KINGSTON — The Jamaica Agricultural Society (JAS) has launched its first major in-store project to give momentum to the promotion, distribution and consumption of domestic agricultural production.
The pilot project was unveiled at one of the larger Corporate Area supermarkets and outlets for fresh fruits, vegetables and ground provisions, Michi Super Centre, Thursday (November 24), to increase the accessibility of “high standard, locally grown products.”
The supermarket has been designated a “JAS preferred retail outlet”, under the society’s Certification of Agricultural Produce Programme (CAPP)
Officially launching the project, JAS President, Glendon Harris, said that the facility was a practical expression of the theme, ‘From land to mouth, eat what we grow’.
“Today is indeed a tremendous occasion for the farmers of Jamaica, as this is a practical and deliberate channel to distribute quality agricultural produce at the JAS official preferred retail outlet, Michi Super Centre,” he said.

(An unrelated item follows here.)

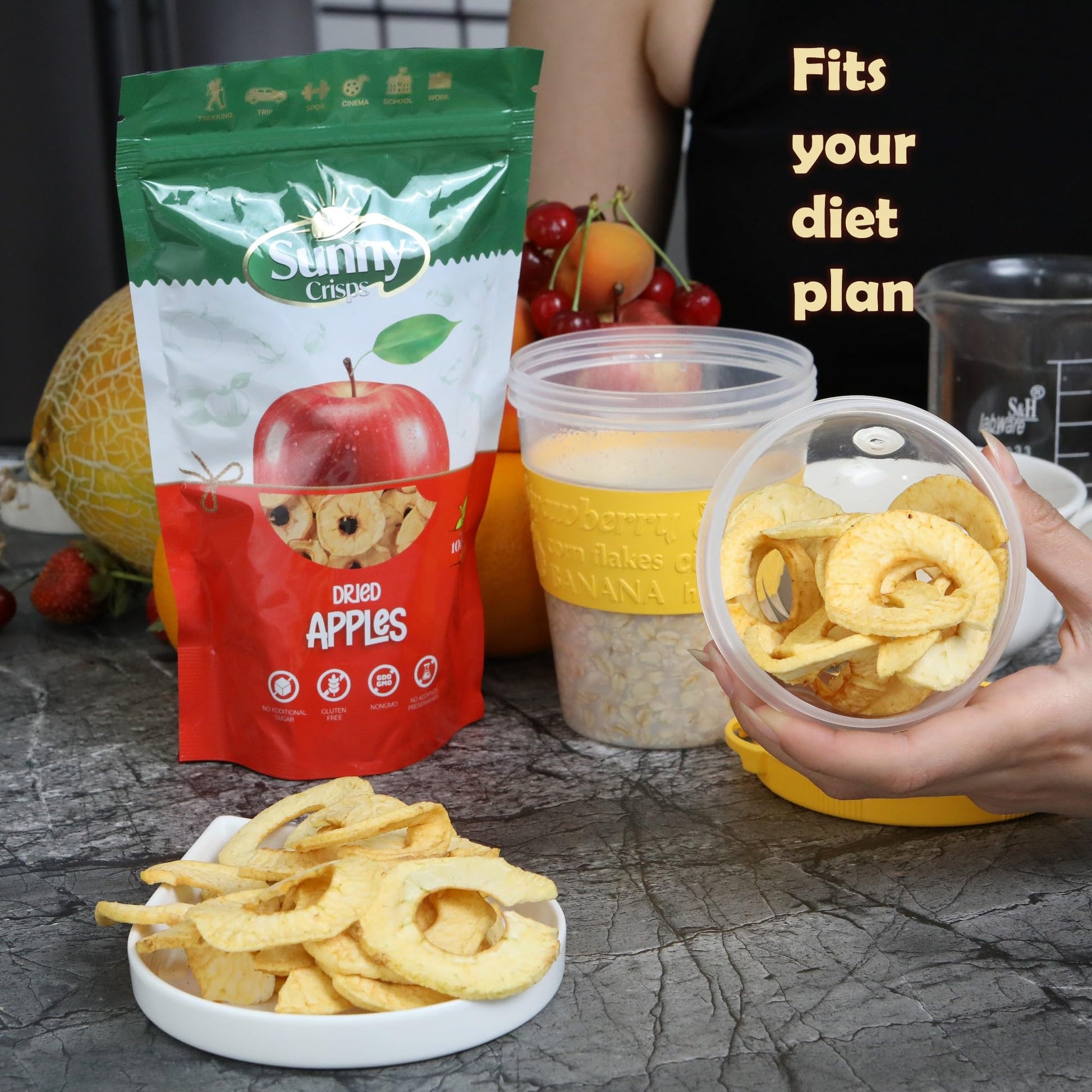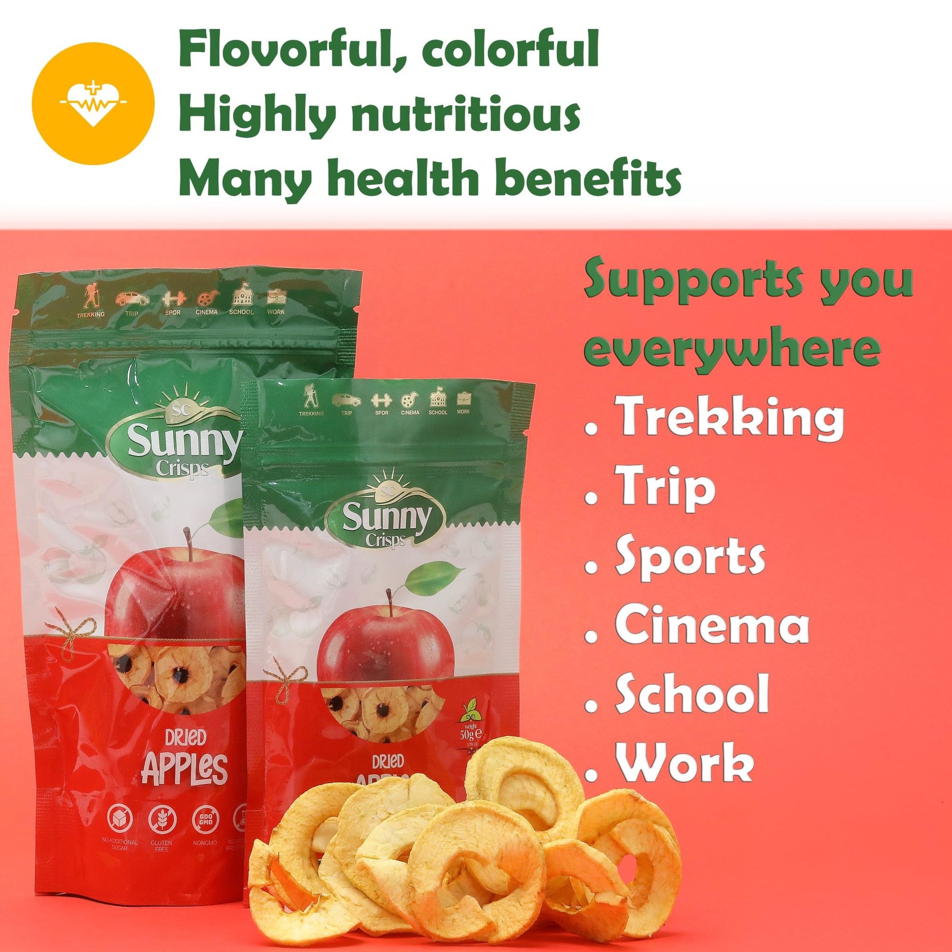 - Q: What are the health benefits of SUNNY CRISPS Dried Apples? A: SUNNY CRISPS Dried Apples are a nutritious snack option, packed with fiber and essential vitamins. They are gluten-free and contain no added sugar, making them a guilt-free treat that supports healthy digestion and can contribute to a balanced diet.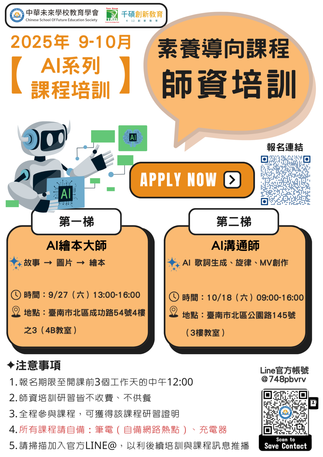 一、 隨著人工智慧快速發展, AI 素養已成為教育現場重要議題。為協助教師理解 AI 基礎原理及應用,提升跨領域應用與教學實務能力,本會規劃辦理「AI 系列教師增能研習(臺南場)」。

The launch coincided with the eighth anniversary of the ‘Eat Jamaican’ Campaign, undertaken by the JAS to encourage Jamaicans to support local production.
“With the theme ‘Grow what we eat, eat what we grow’, we have laid the foundation to ensure that local agricultural produce is deemed as priority for consumption,” Mr. Harris said.
He emphasized that critical elements of campaign included strict adherence to quality standards, as mandated by the Bureau of Standards Jamaica (BSJ).
"As a result alliances have been forged with the Bureau of Standards, through the Certification of Agricultural Produce Programme, with the objective of ensuring that our produce is of a recognized quality and is safe for distribution and use,” he explained.
He noted that the programme also involved the training of farmers to recognise, appreciate and practice appropriate standards.
“Farmers, who have been trained and certified under the BSJ’s Certification of Agricultural Produce Programme, now have a direct market for their produce and are able to offer this to our consumers,” he stated.
The International Institute for Cooperation in Agriculture, (IICA) has been a partner in promoting the development and competitiveness of Jamaica’s agricultural production, and its Rural Development Specialist, Shauna Brandon, explained that in recent years, the quality of domestic agricultural production has been a major factor in the achievement of price competitiveness of local produce.
She said that another important factor appeared to be increased productivity, coupled with favourable conditions which contribute to increased output, both in terms of quantity and quality.
Six years ago, by way of a Proclamation by the Governor General, the first ‘Eat Jamaican Day’, November 25, was declared for annual observance.
According to the JAS ‘statement of commitment’, a main pillar of the ‘Eat Jamaican Campaign’ is to encourage the Jamaicans to eat local products, with the requirement that the products are safe, wholesome, of excellent quality and is produced by an environmentally friendly process.
Although the Association’s main focus of this year’s celebrations will be on ‘Eat Jamaican Day’, other activities have been organized embracing youth in agriculture to promote agriculture and agro-processing, as profitable business opportunities with significant potential.